Sockets, threads, and killing servers

Thu Jan 10 15:39:03 EST 2002

On Wed, 9 Jan 2002 17:20:50 -0500, Joshua Muskovitz <joshm at taconic.net> wrote:
>> 1) Subclass the ThreadingTCPServer class so that instead of calling
>>    socket.accept() and blocking until a connection comes in, it will
>>    call select.select() with a timeout; at the end of the timeout, it
>>    will check a "Quit now?" flag and if the flag is set, will close the
>>    connection and exit. If the quit flag is not set, go back into the
>>    select.select() for another N seconds.
>
>This is very similar to the solution we developed at my last job.  It worked
>well, but it means that there is a non-deterministic delay between setting
>the "self destruct" flag, and the server actually stopping.  So long as this
>doesn't bother you, it should work well.
>
>For us, it was a concern in that the service was supposed to be highly
>reliable, so it needed to be restarted quickly in case it crashed.  But
>there was a small race condition between the shutdown of the old process and
>the startup of the new, especially because of contention for owning the
>server's TCP port.

I wonder if this could be solved by the alternate implementation I
considered and hinted at in one comment in my overridden get_request()
method:

.
.
.
            # Select with a timeout, then poll a quit flag. An alternate
            # approach would be to let the master thread "wake us up" with
            # a socket connection.
.
.
.

What I was talking about was that instead of overriding get_request() to
use select.select() for polling, one could do something like this:

.
.
.
    def get_request(self):
        request = SocketServer.ThreadingTCPServer.get_request(self)
        self.lock.acquire()
        time_to_quit = self.QuitFlag
        self.lock.release()
        if time_to_quit:
            self.close_request()    # That was the "wake up now" request
            raise TimeToQuit        # Get out now
        # If we reach this point, it was a real request coming in
        return request
.
.
.

This code would then become the get_request method for the
ResponsiveThreadingTCPServer class instead of the method in my earlier
post.

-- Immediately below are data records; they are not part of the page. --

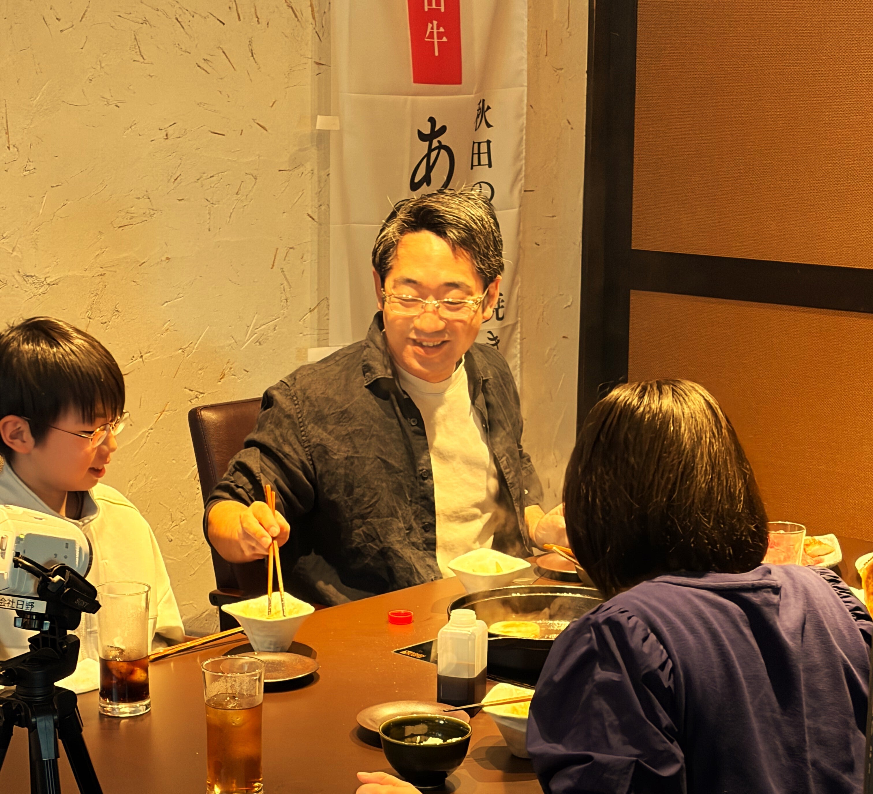 基本的に「あきたすき」は、始めにお父さんが秋田牛を一枚一枚焼いて家族へ手渡してゆきます。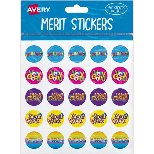 Avery Merit Stickers Caption 2 Round 22mm 5 Designs Assorted Colours 300 Stickers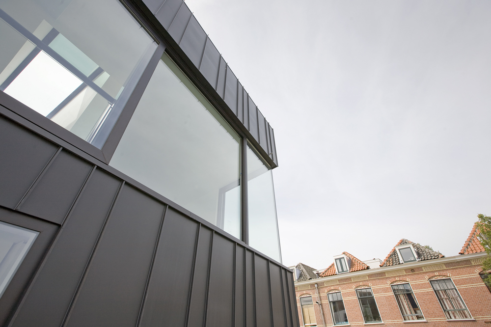 Das markante Wohnhaus V21K01 des Rotterdammer Architekturbüros pasel.künzel architects grenzt direkt an die historisch gewachsene Altstadt und ist eine typologische Neuinterpretation des holländischen Wohnhauses aus dem 19. Jahrhundert. Die Fassade aus pre-patiniertem Zink tritt durch ihre sorgfältige Detaillierung sowie ihrer handwerkliche und haptische Ausstrahlung in einen Dialog mit den bestehenden Backsteinfassaden der benachbarten Gebäude.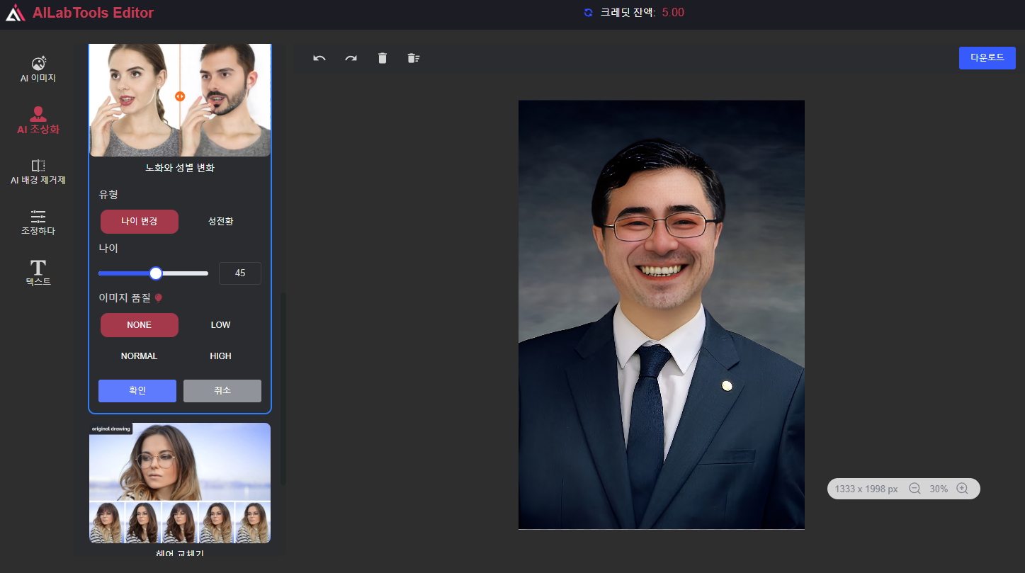 나이를 변경하기 위해 (인공지능 초상화를 클릭 한 후 노화와 성별을 선택하면 사진의 이미지가 변경된다.. 나이는 45세로 변경한 후 이미지 품질은 기본으로 선택합니다.

Of course, one would also eliminate that part of the __init__()
method that dealt with the length of the timeout. The way one would shut
this server down would be only slightly more complicated. Instead of:

.
.
.
        # Tell the server it's time to shut down
        self.server.lock.acquire()
        self.server.QuitFlag = 1
        self.server.lock.release()
        print "Waiting for server to shut down (could take several seconds)..."
        self.thread.join()
        print "Exiting now."
.
.
.

in the Master Control Thread code, one would have:

.
.
.
        # Tell the server it's time to shut down
        self.server.lock.acquire()
        self.server.QuitFlag = 1
        self.server.lock.release()
        sock = socket.socket(socket.AF_INET, socket.SOCK_STREAM)
        sock.connect(('', self.port)
        sock.close()
        print "Waiting for server to shut down (should be almost instant)..."
        self.thread.join()
        print "Exiting now."
.
.
.

This also works when select() is not available. Its main disadvantage
from my point of view was that it's not as straightforward to use, since
if you forget to make a connection to the serving thread after you set
its QuitFlag, it will sit there blocking on accept() until the next time
someone tries to access it, and that (real) connection attempt will be
accepted but instantly closed, which is almost certainly Not What You
Want.

So there are two alternate ways of doing this. One is to loop on
select() with a timeout, occasionally polling a quit flag; the other is
to always block on accept() with no timeout, checking the quit flag
every time a connection wakes up the server, and for the Master Control
Thread to wake up the server when it's time to quit by making a
connection to it.

I hope that's clear enough. If it's not, I'll be more than happy to try
to explain it. Any opinions on the relative merits of these two
approaches? I tend to lean towards the first, since it's less prone to
error in how it's used (the second can hang for a long time if you
forget to wake up the server by making that one last connection). On the
other hand, the second approach has the advantage of exiting instantly
once it's time to quit.

Although now that I think about it, how about a hybrid approach that
combines the best features of both? Put a longer timeout (say 60
seconds) on the select, so it doesn't have to poll very often, but have
the Master Control Thread make a connection to the server in order to
wake it up once the QuitFlag has been set, so it will exit instantly.

Comments? Other ideas?

-- 
Robin Munn
rmunn at pobox.com